An aqueous solution of 2 % (w\w) non-volatile solute exerts a pressure of 1.004 bar at the normal boiling point of the solvent. Molar mass of the solute would be:
1. | 23.69 g mol–1 | 2. | 41.35 g mol–1 |
3. | 56.23 g mol–1 | 4. | 22.76 g mol–1 |
Heptane and octane form an ideal solution.
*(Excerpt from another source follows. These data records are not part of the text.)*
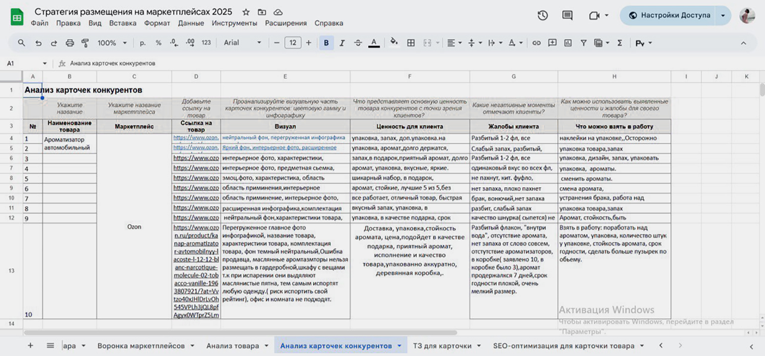 Моя дипломная работа была достаточно объёмной и состояла из нескольких блоков: выход на Ozon, стратегия продаж на Wildberries и общий алгоритм работы селлера. Сделала я её, конечно, не с первого раза, но в итоге со всем справилась — и, честно говоря, результат получился очень крутым. Теперь у меня есть полноценный кейс с расчётом юнит-экономики, карточками товаров, стратегией выхода.
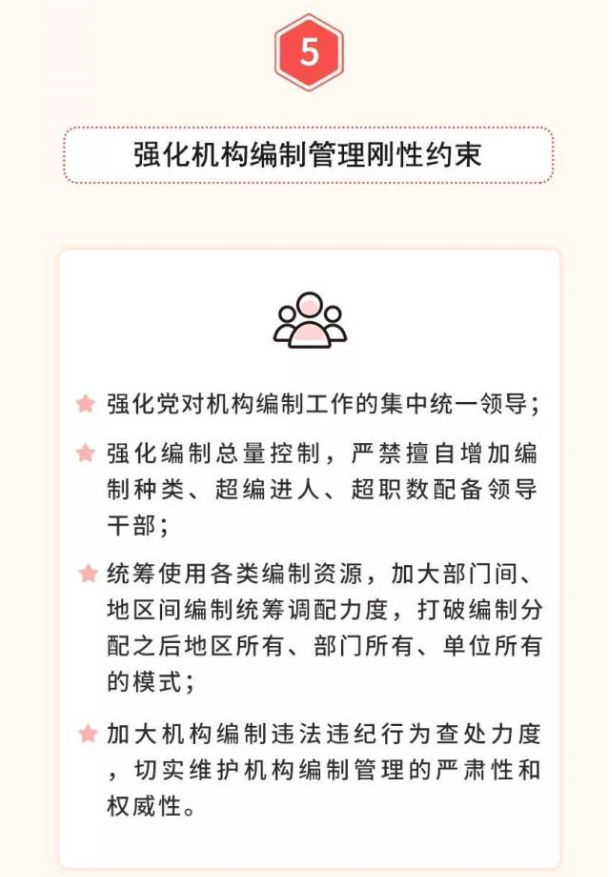 五是全面落實優(yōu)化協(xié)同高效原則。堅持一件事情原則上由一個部門負責,把理順職責放在重要位置,從有利于突出主業(yè)、有利于服務管理的角度出發(fā),實事求是,科學設(shè)置黨委和政府機構(gòu),宜大則大、宜小則小,該加強的加強、該精簡的精簡、該優(yōu)化的優(yōu)化,實現(xiàn)機構(gòu)職責的深度融合。
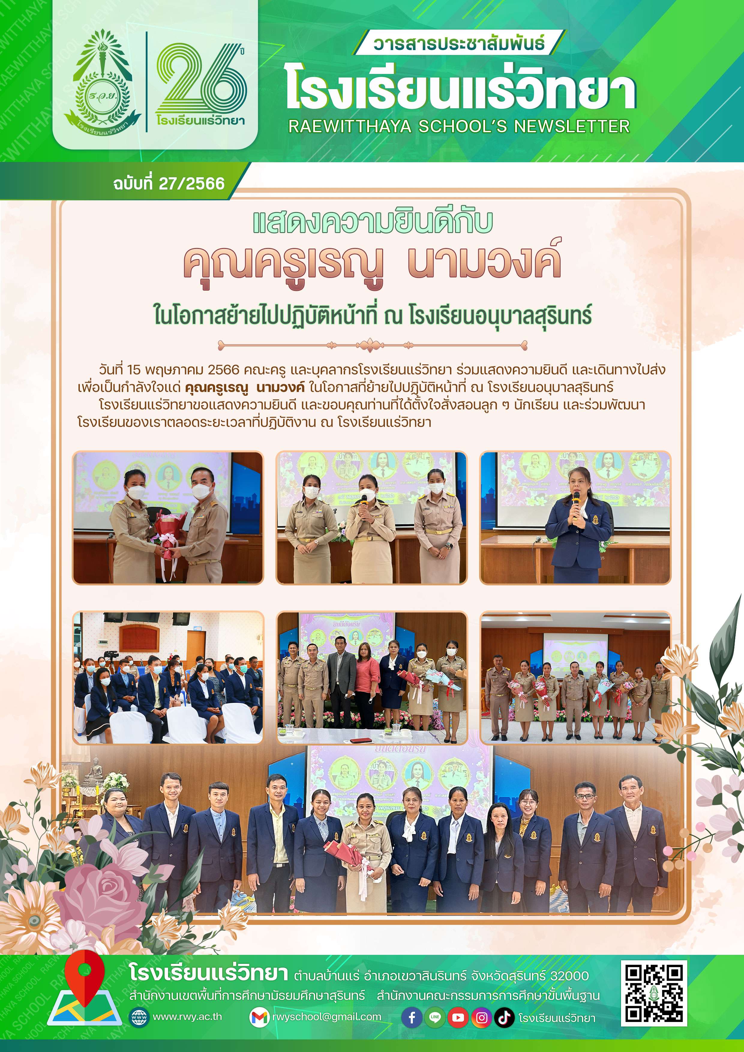 ยินดีกับ ครูเรณู ย้าย รร.
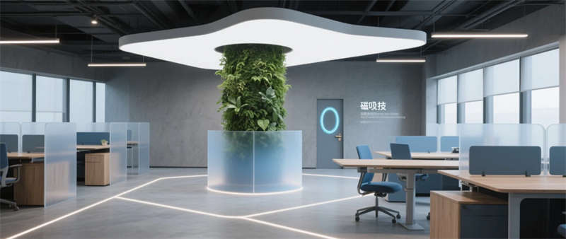 本項目以“未來生態(tài)辦公”為核心理念,打造1200㎡科技與自然交融的創(chuàng)新型辦公空間。設計采用啞光太空灰為主基調(diào),通過霧霾藍企業(yè)色與原木紋理的碰撞,在冷峻科技感中注入人文溫度??臻g以微水泥地面為基底,貫穿透光亞克力與陽極氧化鋁材質(zhì),配合隱藏式線性燈帶的流動光影,構(gòu)建出具有呼吸感的數(shù)字美學場域。
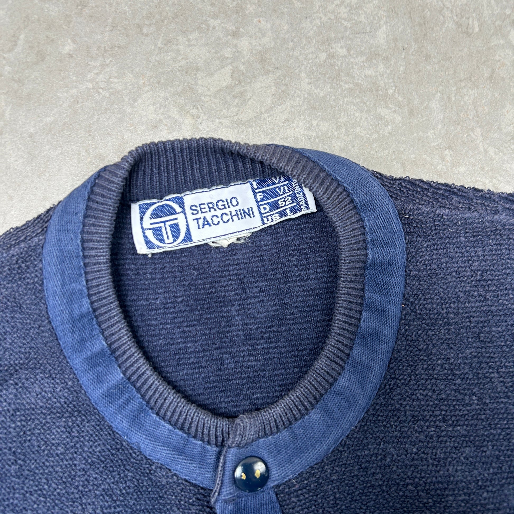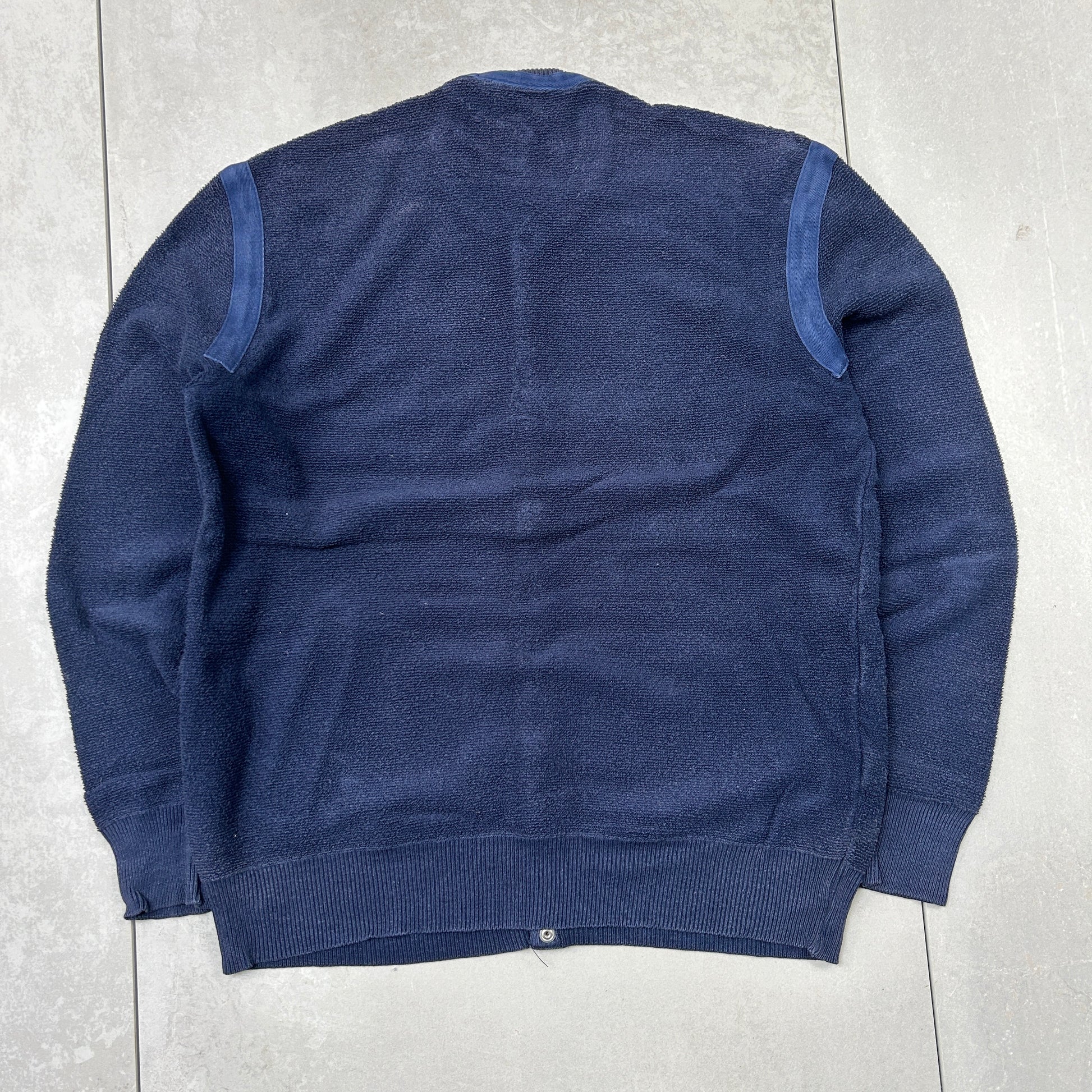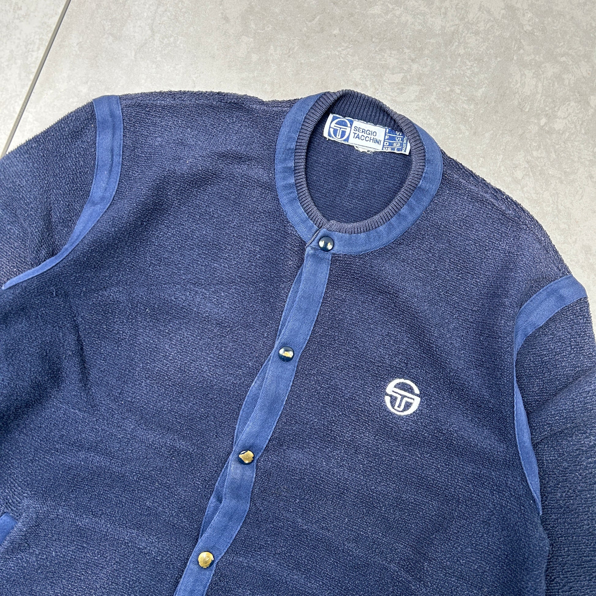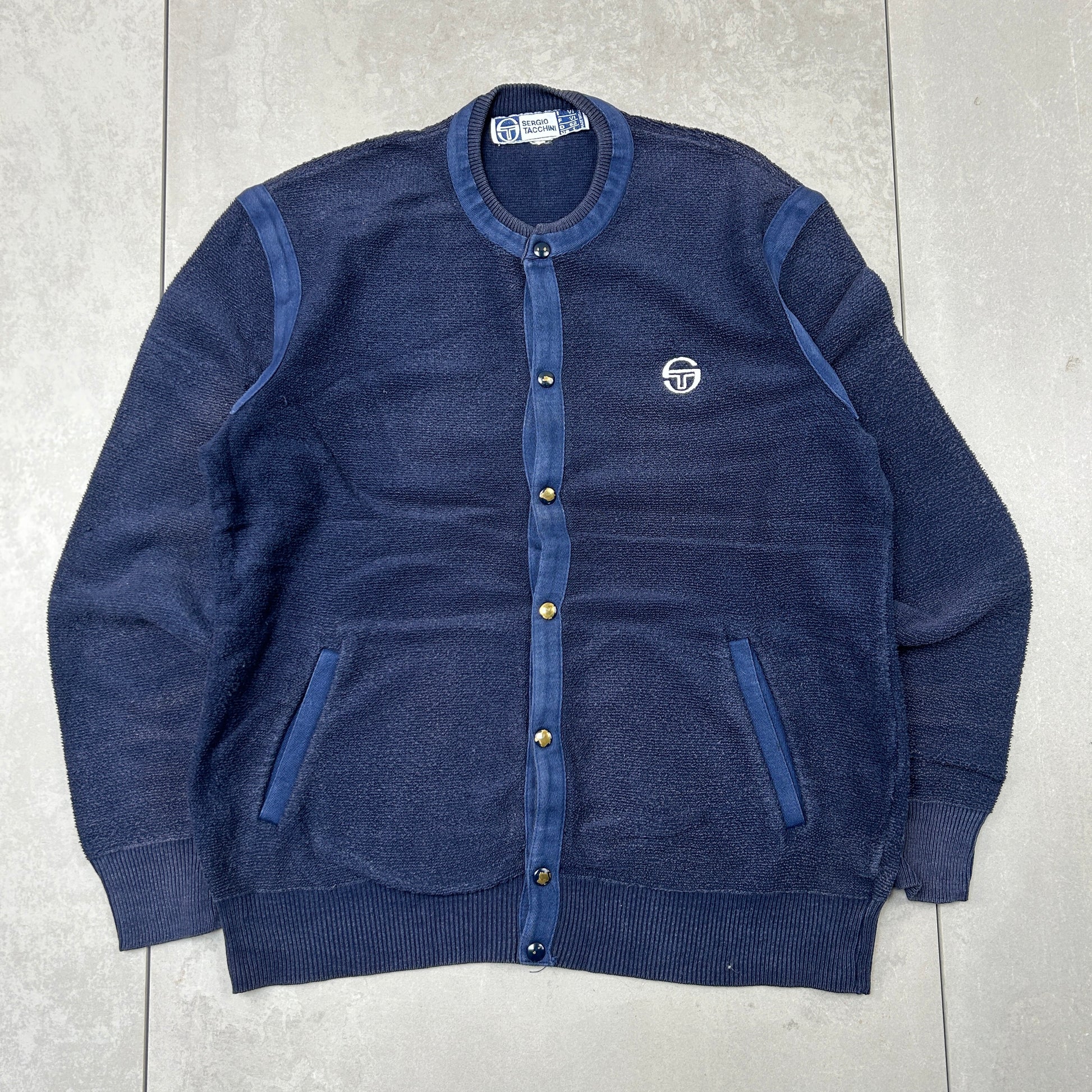 Vintage Sergio Tacchini Navy Embroiderd Cardigan Chunky Knit Jumper - M
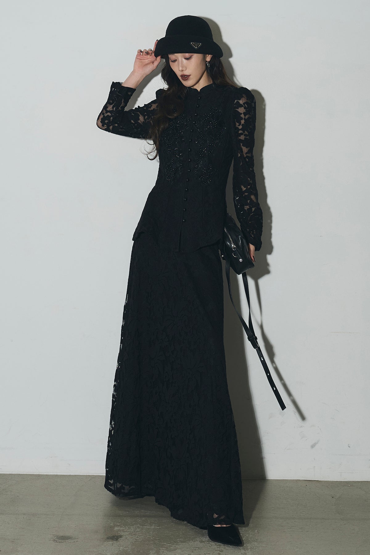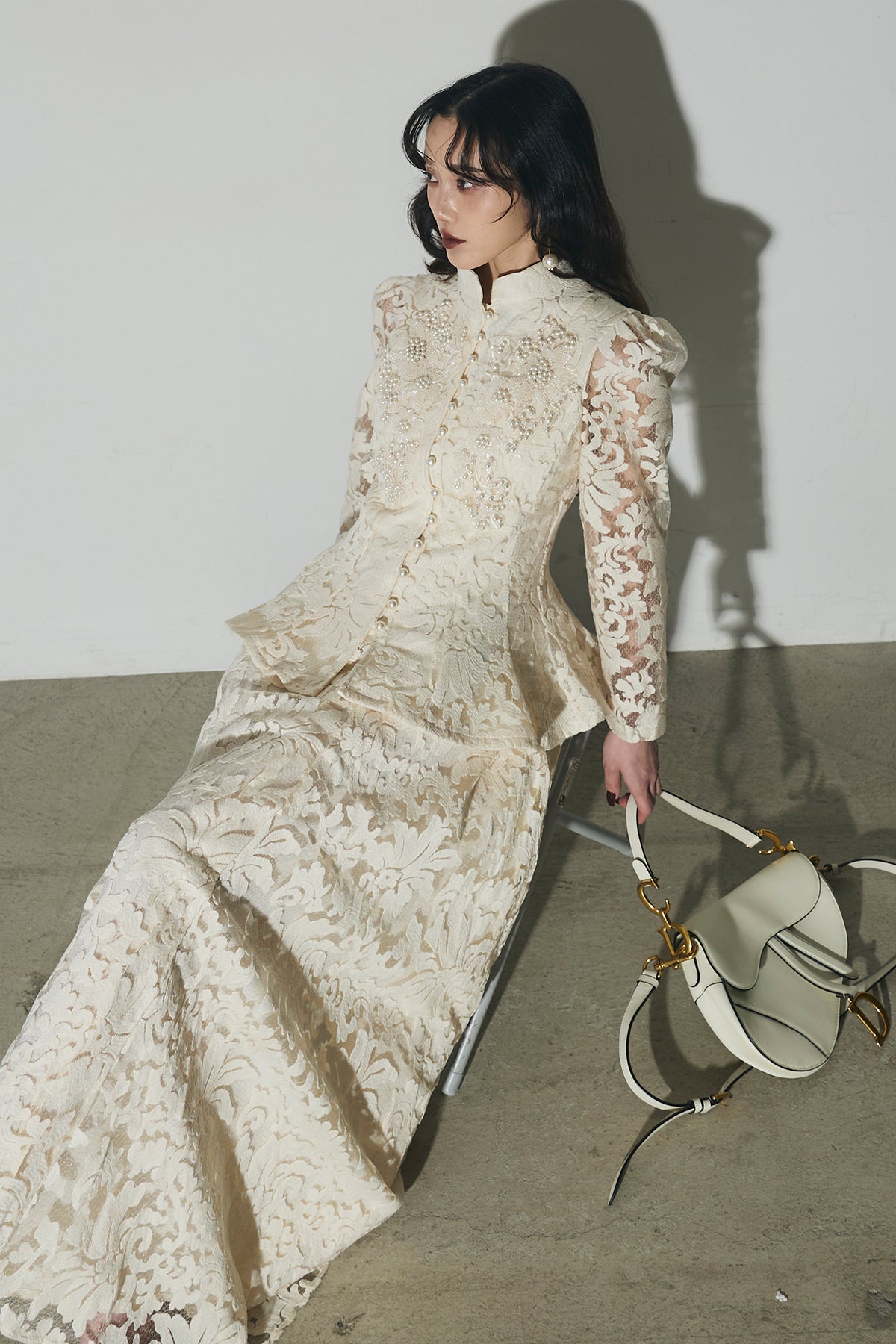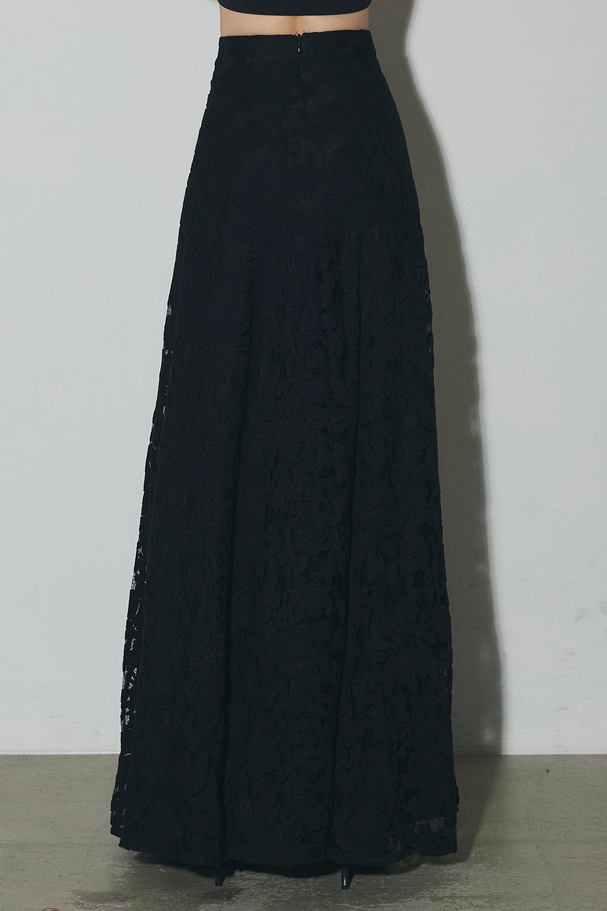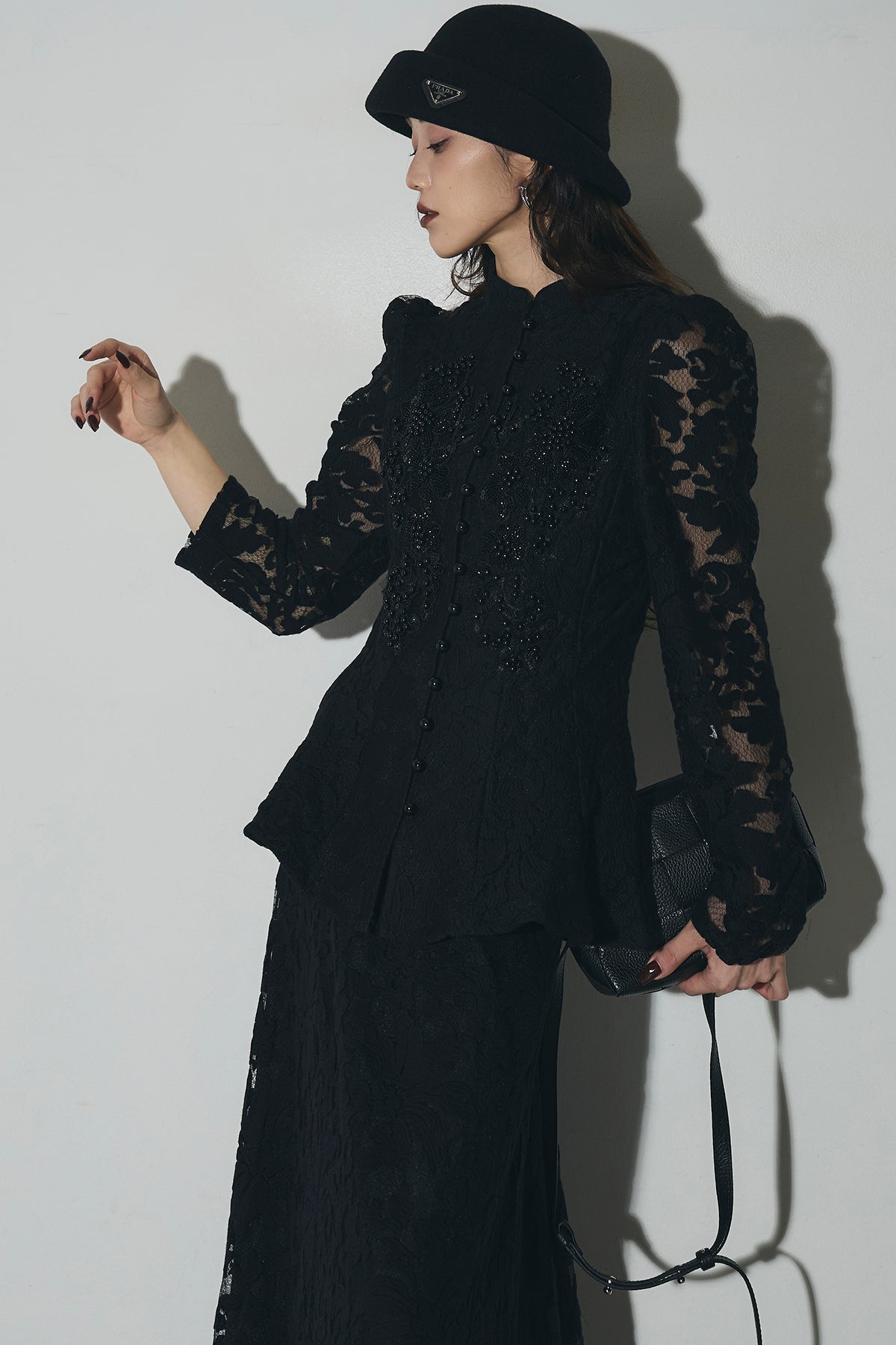 繊細なレース素材を使用した、上品さとモード感を兼ね備えたセットアップ。トップスはコンパクトなシルエットで、程よい肌見せが女性らしさを引き立てます。スカートは縦ラインを強調するデザインで、スタイルアップ効果も◎。それぞれ単品使いはもちろん、セットで着用すれば特別感のある洗練されたコーディネートが完成します。
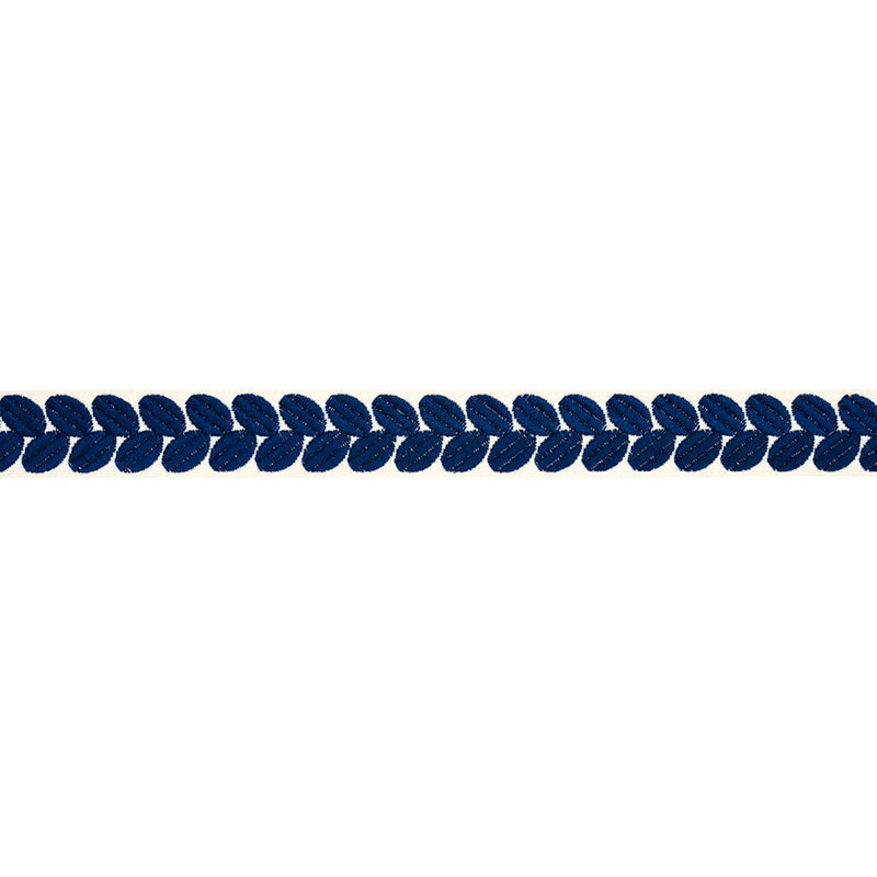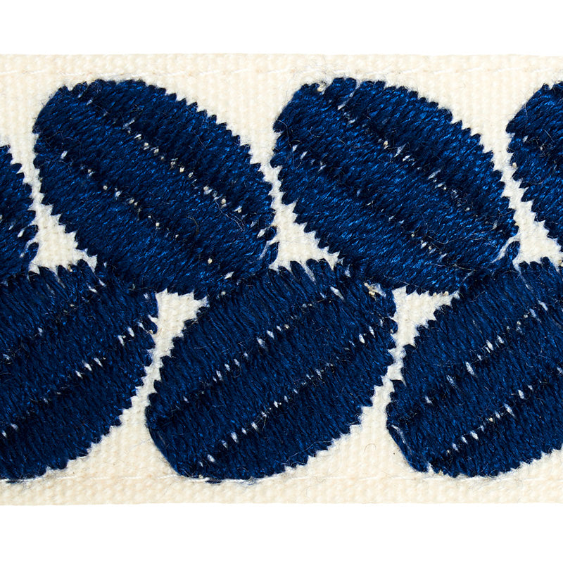 An exuberant embroidered tape with a leaf-like pattern rendered in satin stitching; inspired by a document in our archives. Available in multiple colors and widths -

At 373 K, the vapour pressures of the two liquid components are 105.2 kPa and 46.8 kPa respectively. The vapour pressure of a mixture of 26.0 g of heptane and 35 g of octane would be:
1. 43.45 kPa
2. 78.96 Pa
3. 73.43 kPa
4. 65.72 Pa
The mass of a non-volatile solute (molar mass 40 g mol–1) that should be dissolved in 114 g octane to reduce its vapour pressure to 80 % would be:
1. 6 g
2. 7 g
3. 8 g
4. 10 g
A 5 % solution (by mass) of cane sugar in water has freezing point of 271 K. Freezing point of 5 % glucose in water would be: (freezing point of pure water is 273.15 K)
1. 279.24 K
2. –269.06 K
3. 275.42 oC
4. 269.06 K
At 300 K, 36 g of glucose present in a litre of its solution has an osmotic pressure of 4.98 bar. The concentration at which osmotic pressure of the solution becomes 1.52 bar at the same temperature, would be:
1. | 0.06 M | 2. | 0.12 M |
3. | 0.08 M | 4. | 0.36 M |
The correct sequence of order of increasing solubility in the n-octane is:
1. Cyclohexane < CH3CN < CH3OH < KCl
2. KCl < CH3OH < CH3CN < Cyclohexane
3. KCl < CH3OH > CH3CN < Cyclohexane
4. None of the above
If the density of lake water is 1.25 g mL–1 and contains 92 g of Na+ ions per kg of water, then the molality of Na+ ions will be:
1. | 3.24 molal | 2. | 4 molal |
3. | 5 molal | 4. | 3.5 molal |
Benzene and toluene form an ideal solution over the entire range of composition. The vapour pressure of pure benzene and toluene at 300 K are 50.71 mm Hg and 32.06 mm Hg respectively.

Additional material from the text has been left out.